The Supreme Court began its analysis by providing a definition of the term “deliberate,” which it held as “involving a different state of mind to recklessness.” The Court further held that “the relevant act in this case is that of causing injury, so its natural meaning in the present context is carrying out an act intending to cause injury.” In its analysis, the Court noted that to accept the insurers’ position would reduce the meaningful and effective content of the policy, given the commercial context of the policy in question as having “clear risk that door stewards will use a degree of force in carrying out their duties and that vicarious liability for their tortious acts may result.”

Comparison with Canadian Law

The Canadian authority on this issue is Sirois v. Saindon.[2] In Saindon, the insured lifted a lawnmower over his shoulders and directed it towards his neighbour in order to threaten but not physically harm him. The neighbour raised his hands in defence, and the fingers on one of his hands were severed. The insurance policy in question contained an exclusion for damage caused “intentionally by or at the direction of the insured.” The Supreme Court of Canada found that the (intentional) act of thrusting the lawnmower was the “proximate cause” of the injury, and that the exclusion therefore applied. This ruling appears to leave open the possibility of using reckless acts to prove intentional act exclusions.
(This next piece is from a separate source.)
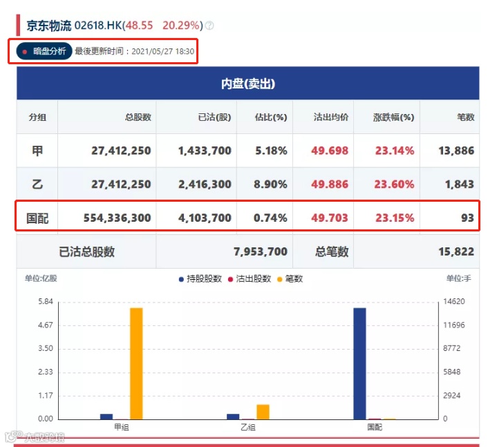 记得昨天分析京东物流的文章提到过一句,京东物流国际配售超购是10倍,让大家引起警惕,大资金不看好,果然如此,砸盘最狠的还是机构那边。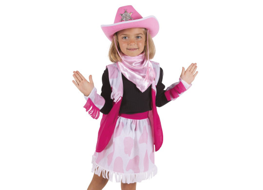 Set enfant cowgirl comprenant plusieurs accessoires assortis. Idéal pour compléter un déguisement ou une tenue à thème.

The ruling of Saindon was clarified by the same court in Sansalone v Wawanesa Mutual Insurance Co.[3] In Sansalone, the Court clarified the Saindon ratio as being “when the risk of injury is inherent in the insured’s deliberate act so that the injury is the natural and probable consequence of the act, the intention to commit the act is the intention to cause the injury.” In following this principle, the Court demonstrates that an insurer relying on a similar exclusionary clause must demonstrate that the insured intentionally committed the act causing the injury, and that they intentionally caused the resulting injury, unless the injury is “the “natural and probable” consequence of the act.

Conclusion

Grant rejects the notion that a reckless act could be excluded under a “deliberate act” insurance policy exclusionary clause. The Court also considered the public policy interest of preserving the content of insurance policies, particularly in a commercial context involving a certain degree of risk. This holding goes further than the Canadian authorities by slamming the door on recklessness as a ground for deliberate exclusion. In Canada, the door steward’s door is still open. Underwriters must insist that training is undertaken by insureds’ door stewards with regard to the acceptable force to use in the removal or containing of patrons, in order to mitigate potential findings of liability.


[1] Grant v. International Insurance Company of Hanover Limited, [2021] U.K.S.C. 12 [Grant].

[2] Sirois v. Saindon, [1976] 1 S.C.R. 735 [Saindon].

[3] Sansalone v. Wawanesa Mutual Insurance Co, 2000 S.C.C. 25 [Sansalone].